DIRECTIONS
Transcribe the entries below word for word, beginning at the line with "This 999.9 Gold" and stopping after the line with "Осенне-весенняя женская Сетчатая"; drop all pictures.

Records contained in a dataset
* * * * * * * * *
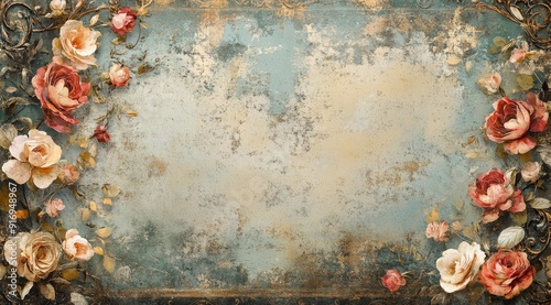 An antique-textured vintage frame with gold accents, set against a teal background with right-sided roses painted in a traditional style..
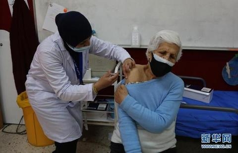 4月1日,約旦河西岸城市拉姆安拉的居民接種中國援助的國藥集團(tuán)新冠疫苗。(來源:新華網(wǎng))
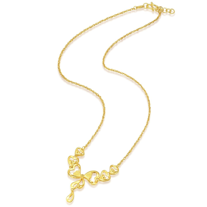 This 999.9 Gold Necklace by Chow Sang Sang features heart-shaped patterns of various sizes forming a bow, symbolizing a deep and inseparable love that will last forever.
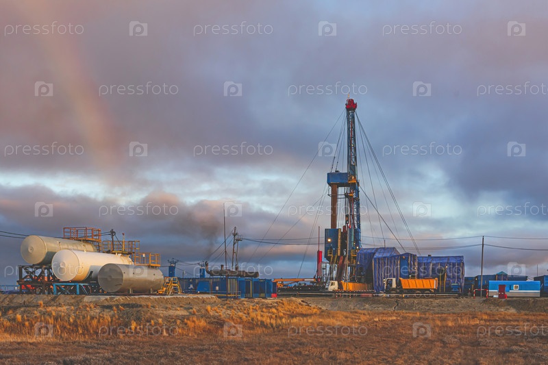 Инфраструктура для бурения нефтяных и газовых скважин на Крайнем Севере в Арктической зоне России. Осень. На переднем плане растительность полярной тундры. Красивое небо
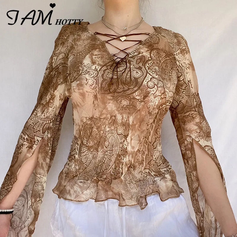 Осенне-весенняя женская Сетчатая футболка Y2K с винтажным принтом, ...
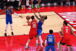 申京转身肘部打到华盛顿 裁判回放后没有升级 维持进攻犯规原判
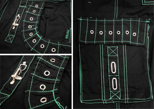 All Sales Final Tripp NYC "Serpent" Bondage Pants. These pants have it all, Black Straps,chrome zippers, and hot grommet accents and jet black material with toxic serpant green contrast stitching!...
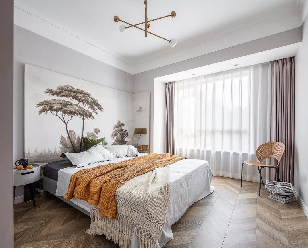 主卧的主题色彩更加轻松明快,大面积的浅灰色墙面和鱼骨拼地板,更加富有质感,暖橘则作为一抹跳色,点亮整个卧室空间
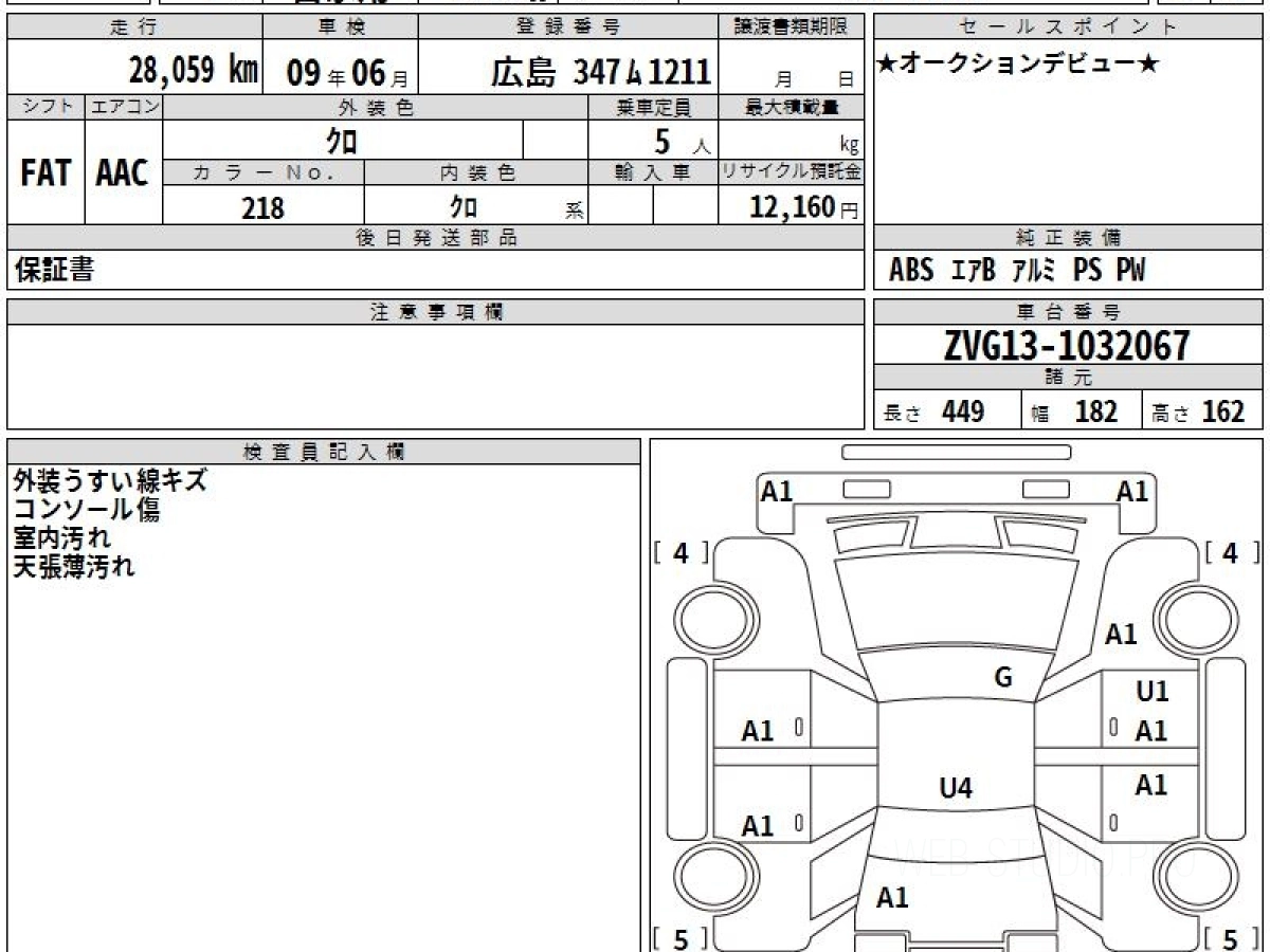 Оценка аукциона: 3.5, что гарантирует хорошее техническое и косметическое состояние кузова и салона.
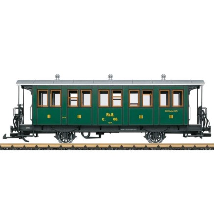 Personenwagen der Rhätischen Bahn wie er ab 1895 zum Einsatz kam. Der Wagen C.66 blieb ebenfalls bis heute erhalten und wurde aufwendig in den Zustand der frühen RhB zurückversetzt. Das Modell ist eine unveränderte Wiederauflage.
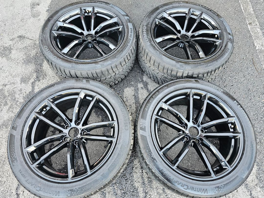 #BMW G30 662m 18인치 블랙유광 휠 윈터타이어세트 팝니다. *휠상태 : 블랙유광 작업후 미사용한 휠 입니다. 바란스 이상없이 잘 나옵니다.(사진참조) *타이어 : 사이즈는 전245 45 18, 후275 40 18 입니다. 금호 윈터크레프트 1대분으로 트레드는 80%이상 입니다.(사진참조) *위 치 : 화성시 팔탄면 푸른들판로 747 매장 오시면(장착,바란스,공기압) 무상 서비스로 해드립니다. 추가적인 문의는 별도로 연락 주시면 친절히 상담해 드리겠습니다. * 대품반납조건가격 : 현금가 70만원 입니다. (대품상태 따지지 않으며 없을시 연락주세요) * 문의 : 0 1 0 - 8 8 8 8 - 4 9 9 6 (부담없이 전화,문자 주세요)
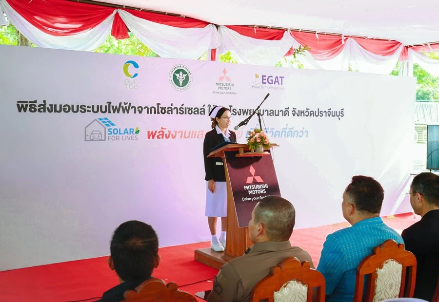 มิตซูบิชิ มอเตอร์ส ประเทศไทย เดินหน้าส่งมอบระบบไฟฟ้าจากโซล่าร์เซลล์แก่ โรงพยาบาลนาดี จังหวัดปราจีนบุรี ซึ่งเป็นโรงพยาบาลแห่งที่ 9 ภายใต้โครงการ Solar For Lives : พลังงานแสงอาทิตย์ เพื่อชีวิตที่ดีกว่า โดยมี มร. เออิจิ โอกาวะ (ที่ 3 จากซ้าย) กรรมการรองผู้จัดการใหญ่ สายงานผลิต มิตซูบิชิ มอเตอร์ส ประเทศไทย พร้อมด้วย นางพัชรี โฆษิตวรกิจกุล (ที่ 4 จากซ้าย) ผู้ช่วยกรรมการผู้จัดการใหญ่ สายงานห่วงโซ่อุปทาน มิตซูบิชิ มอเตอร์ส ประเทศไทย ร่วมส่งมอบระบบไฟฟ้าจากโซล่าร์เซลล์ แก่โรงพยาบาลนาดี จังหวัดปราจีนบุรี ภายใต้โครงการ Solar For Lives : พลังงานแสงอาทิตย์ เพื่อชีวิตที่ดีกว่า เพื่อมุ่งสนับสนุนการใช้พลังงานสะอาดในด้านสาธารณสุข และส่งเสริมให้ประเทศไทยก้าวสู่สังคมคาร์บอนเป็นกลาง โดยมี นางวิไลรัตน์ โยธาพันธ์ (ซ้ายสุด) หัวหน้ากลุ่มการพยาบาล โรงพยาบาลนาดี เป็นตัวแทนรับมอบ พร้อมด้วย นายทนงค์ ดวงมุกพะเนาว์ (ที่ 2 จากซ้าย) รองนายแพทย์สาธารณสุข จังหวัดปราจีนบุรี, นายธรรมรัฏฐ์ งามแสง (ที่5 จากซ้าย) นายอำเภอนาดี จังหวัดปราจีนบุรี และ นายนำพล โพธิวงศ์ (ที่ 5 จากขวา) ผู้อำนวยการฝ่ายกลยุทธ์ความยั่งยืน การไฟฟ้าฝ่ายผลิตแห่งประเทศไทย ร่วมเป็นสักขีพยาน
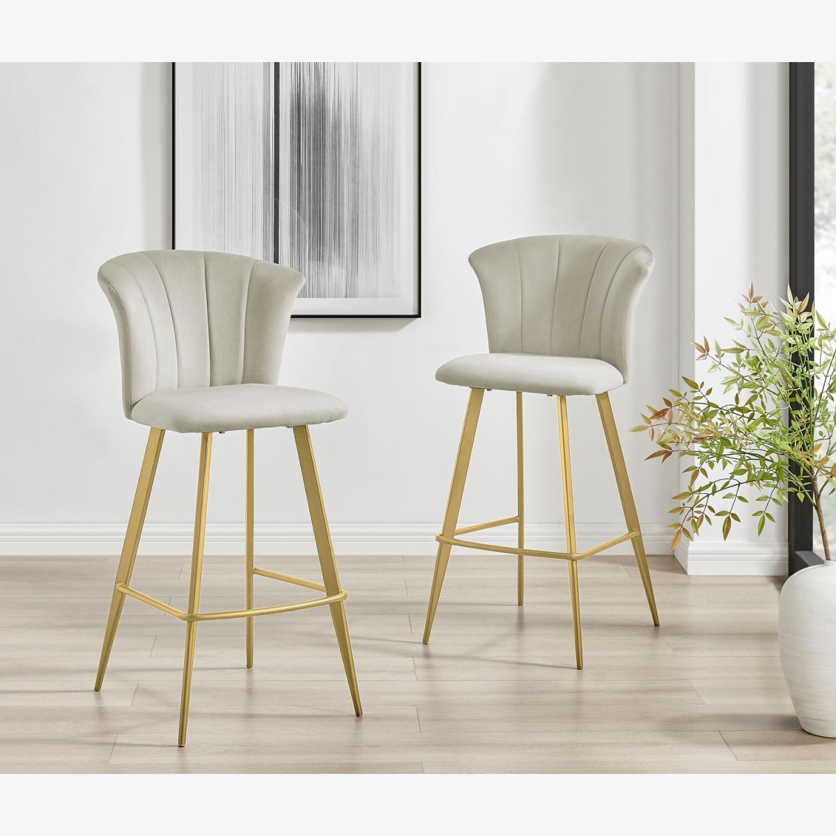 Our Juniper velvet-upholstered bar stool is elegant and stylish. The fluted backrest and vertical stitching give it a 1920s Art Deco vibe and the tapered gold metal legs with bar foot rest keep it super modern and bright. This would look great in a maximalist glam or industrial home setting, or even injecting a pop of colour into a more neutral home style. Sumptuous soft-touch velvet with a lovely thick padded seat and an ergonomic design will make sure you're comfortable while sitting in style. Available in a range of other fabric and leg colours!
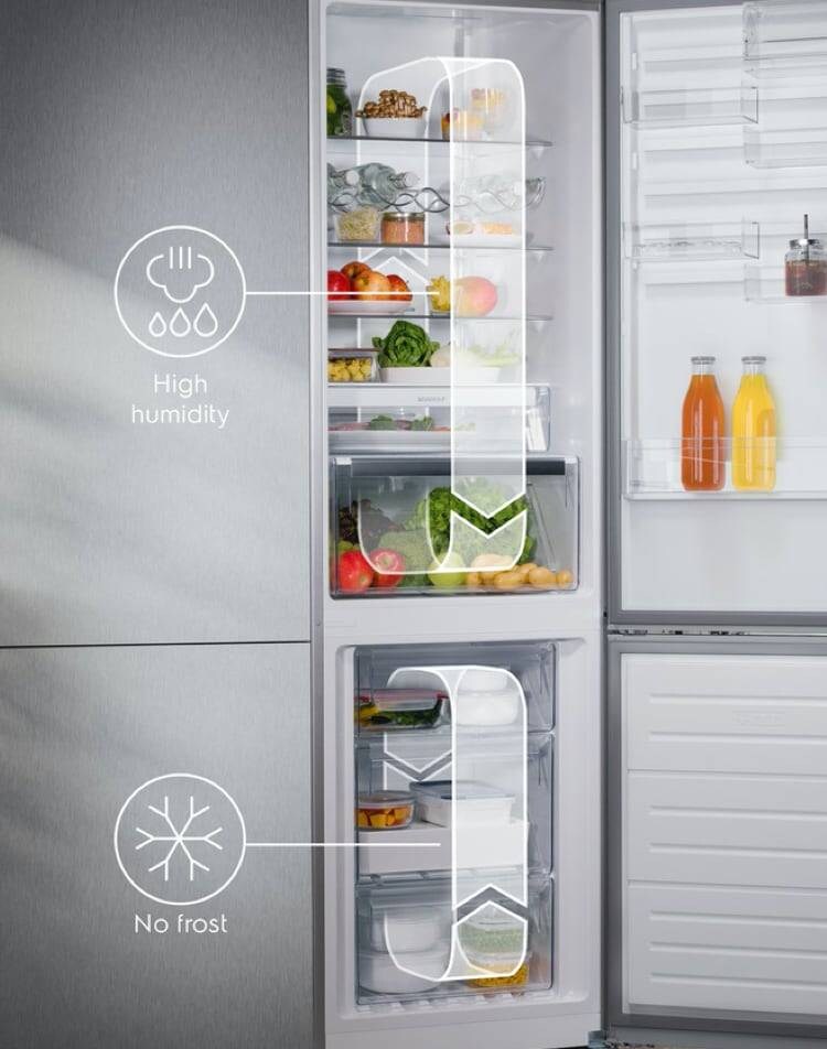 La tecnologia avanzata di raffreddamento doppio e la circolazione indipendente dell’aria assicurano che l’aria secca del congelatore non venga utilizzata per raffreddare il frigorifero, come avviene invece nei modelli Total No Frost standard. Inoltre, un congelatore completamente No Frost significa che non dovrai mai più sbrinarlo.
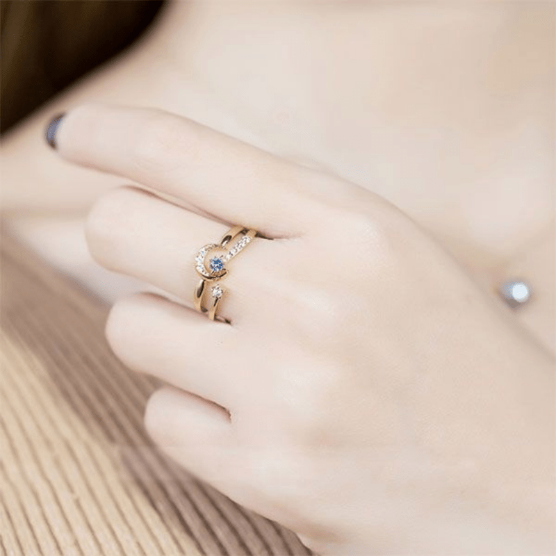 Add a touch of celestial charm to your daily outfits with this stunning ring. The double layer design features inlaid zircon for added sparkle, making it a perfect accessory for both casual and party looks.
* * * * * * * * *
RESPONSE TO THIS EXERCISE
 This 999.9 Gold Necklace by Chow Sang Sang features heart-shaped patterns of various sizes forming a bow, symbolizing a deep and inseparable love that will last forever.
 Инфраструктура для бурения нефтяных и газовых скважин на Крайнем Севере в Арктической зоне России. Осень. На переднем плане растительность полярной тундры. Красивое небо
 Осенне-весенняя женская Сетчатая футболка Y2K с винтажным принтом, ...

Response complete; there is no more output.